Records from a data collection
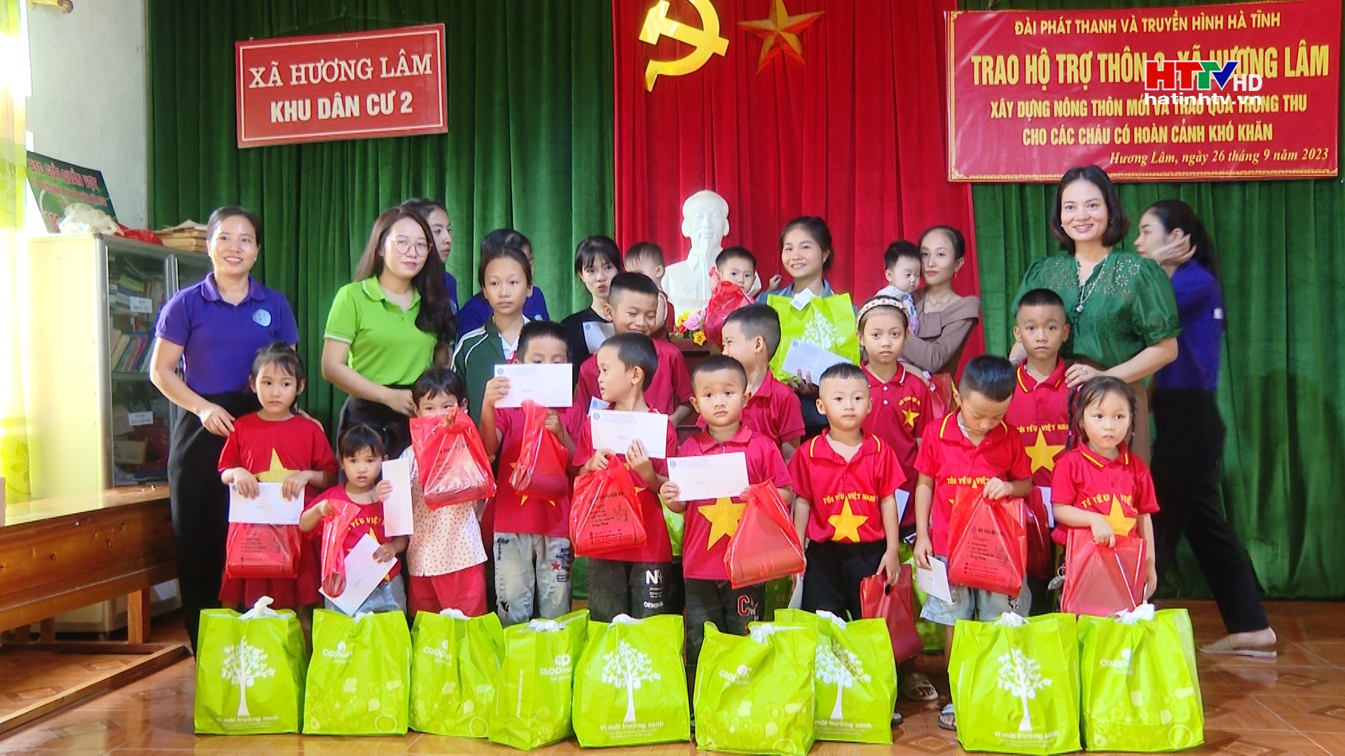 Sáng nay 29/9, Đài Phát thanh và Truyền hình Hà Tĩnh phối hợp với Câu lạc bộ Golf Doanh nhân Nghệ Tĩnh, Công ty Cổ phần Bảo Toàn, Trường Mầm non Trí Đức, Nha Khoa Mai Hùng Group, Siêu thị Co.op Mart đã đến tặng quà cho nhiều em nhỏ nhân dịp Tết Trung Thu và trao hỗ trợ xây dựng nông thôn mới tại xã Hương Lâm, huyện Hương Khê với tổng số tiền hỗ trợ là gần 120 triệu đồng.
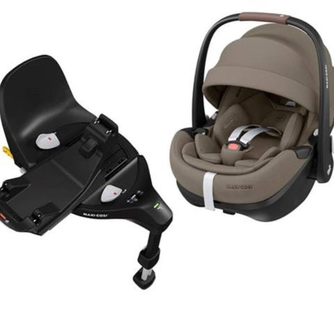 Adapter medföljer och har använts till barnvagn, vilket gör det enkelt att flytta babyskyddet mellan bil och vagn utan att väcka barnet.
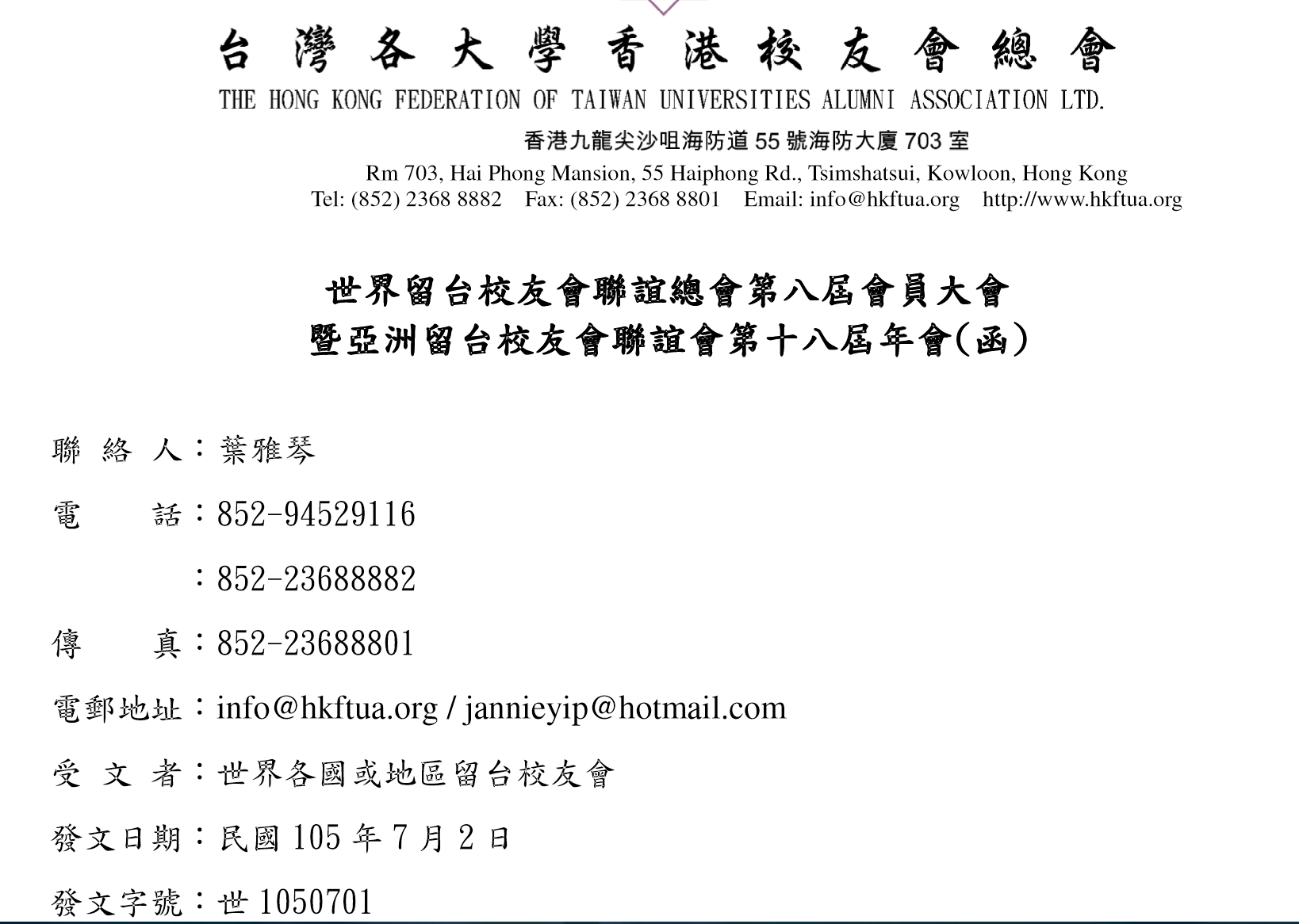 網站名稱:世界留台校友會聯誼總會 網址:https://wfotaa.ezsino.org
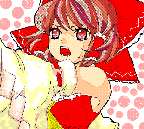 一人絵チャで描いていた霊夢(を加工したもの)↑
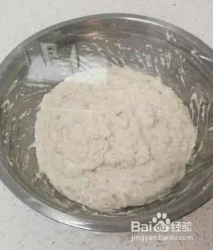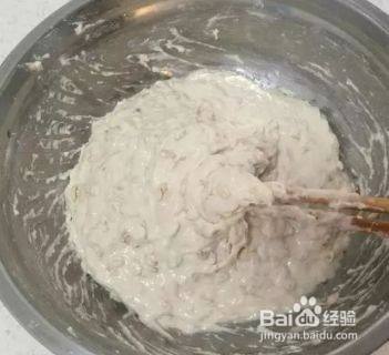 2、把全部食材都倒入盆里,加水搅拌均匀,如果水的用量掌握不好,就一点一点的加,直到搅拌成下图这样的粘稠状态。
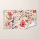 Conjunto de toalhas de banho bonitas apresenta cores de outono em aquarela de vinho tinto profundo, flores de ameixa com folhagem.
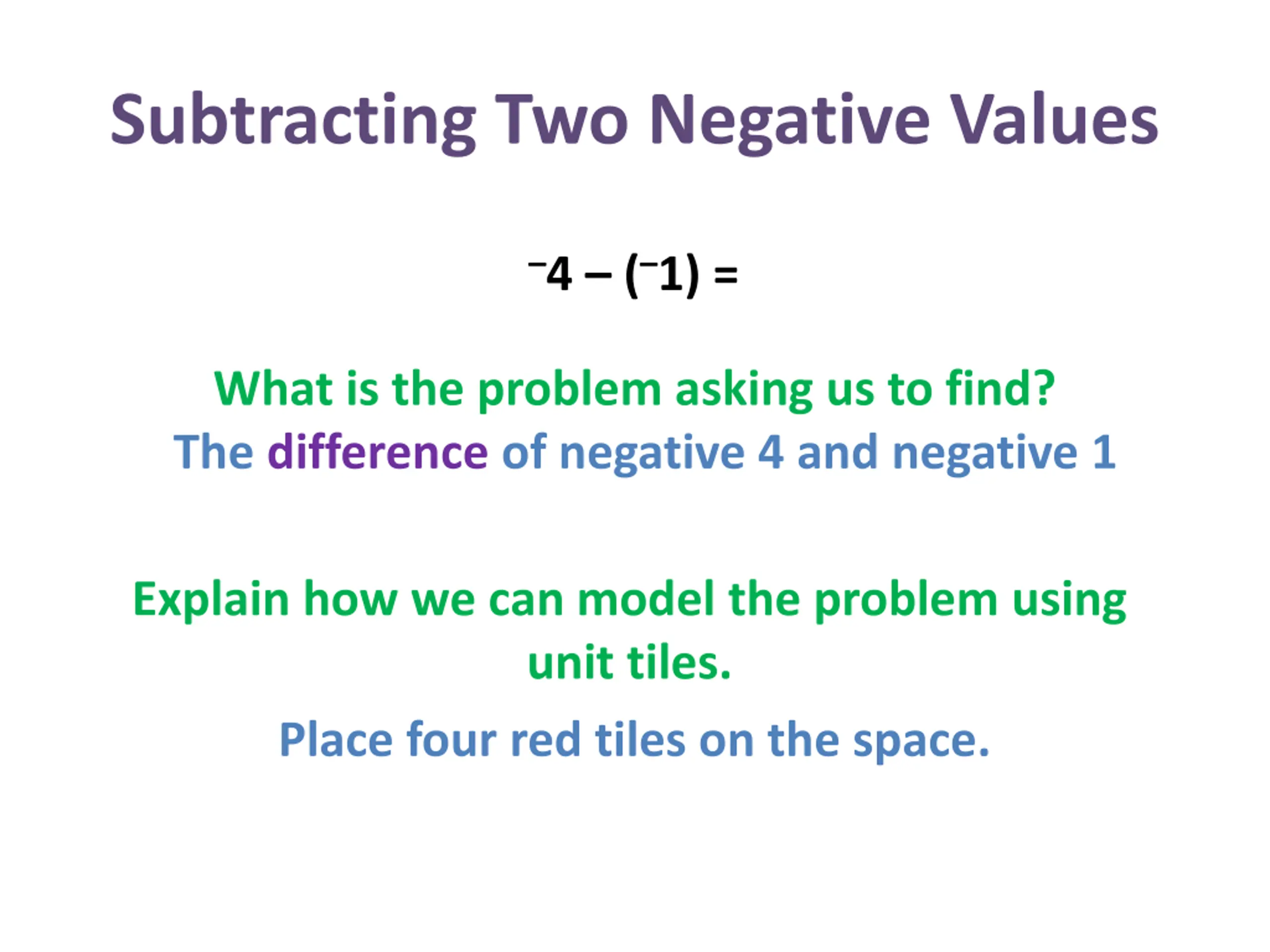 Subtracting Two Negative Values 4 ( 1) = What is the problem asking us to find? The difference of negative 4 and negative 1 Explain how we can model the problem using unit tiles. Place four red tiles on the space.
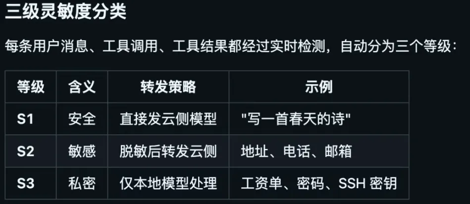 当你说”帮我检查一下工资单,看有没有计算错误”,这句话里没有任何敏感词。但模型会理解——工资单=财务隐私=S3级=本地处理。这就是真正的”理解”,而不是死板的关键词匹配。
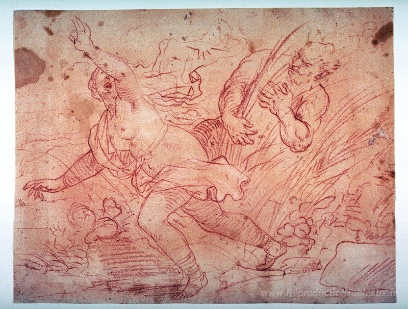 Nous vous proposons une reproduction artisanale sur toile du célèbre tableau 'Étude pour Syrinx' de Luca Giordano, provenant du Musée de la Reproduction.
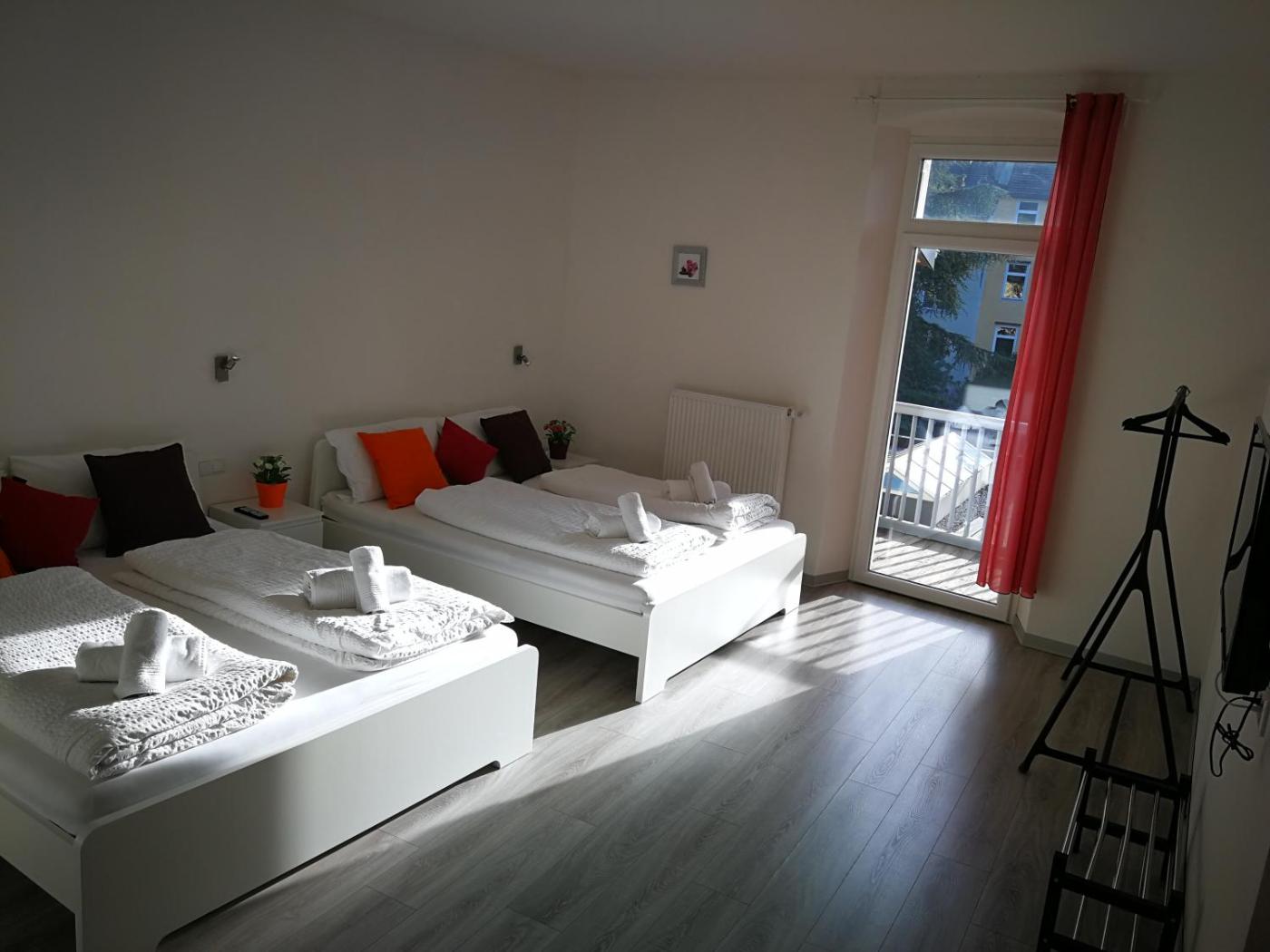 Camera Familiare. La camera familiare è completa di bagno privato con doccia. Camera familiare con riscaldamento, TV a schermo piatto e balcone. L’alloggio presenta 2 letti. ;

### ABOUT THIS EXERCISE
Output each of the lines above exactly, apart from the images.

### RESULT OF THE TASK
 Sáng nay 29/9, Đài Phát thanh và Truyền hình Hà Tĩnh phối hợp với Câu lạc bộ Golf Doanh nhân Nghệ Tĩnh, Công ty Cổ phần Bảo Toàn, Trường Mầm non Trí Đức, Nha Khoa Mai Hùng Group, Siêu thị Co.op Mart đã đến tặng quà cho nhiều em nhỏ nhân dịp Tết Trung Thu và trao hỗ trợ xây dựng nông thôn mới tại xã Hương Lâm, huyện Hương Khê với tổng số tiền hỗ trợ là gần 120 triệu đồng.
 Adapter medföljer och har använts till barnvagn, vilket gör det enkelt att flytta babyskyddet mellan bil och vagn utan att väcka barnet.
 網站名稱:世界留台校友會聯誼總會 網址:https://wfotaa.ezsino.org
 一人絵チャで描いていた霊夢(を加工したもの)↑
 2、把全部食材都倒入盆里,加水搅拌均匀,如果水的用量掌握不好,就一点一点的加,直到搅拌成下图这样的粘稠状态。
 Conjunto de toalhas de banho bonitas apresenta cores de outono em aquarela de vinho tinto profundo, flores de ameixa com folhagem.
 Subtracting Two Negative Values 4 ( 1) = What is the problem asking us to find? The difference of negative 4 and negative 1 Explain how we can model the problem using unit tiles. Place four red tiles on the space.
 当你说”帮我检查一下工资单,看有没有计算错误”,这句话里没有任何敏感词。但模型会理解——工资单=财务隐私=S3级=本地处理。这就是真正的”理解”,而不是死板的关键词匹配。
 Nous vous proposons une reproduction artisanale sur toile du célèbre tableau 'Étude pour Syrinx' de Luca Giordano, provenant du Musée de la Reproduction.
 Camera Familiare. La camera familiare è completa di bagno privato con doccia. Camera familiare con riscaldamento, TV a schermo piatto e balcone. L’alloggio presenta 2 letti. ;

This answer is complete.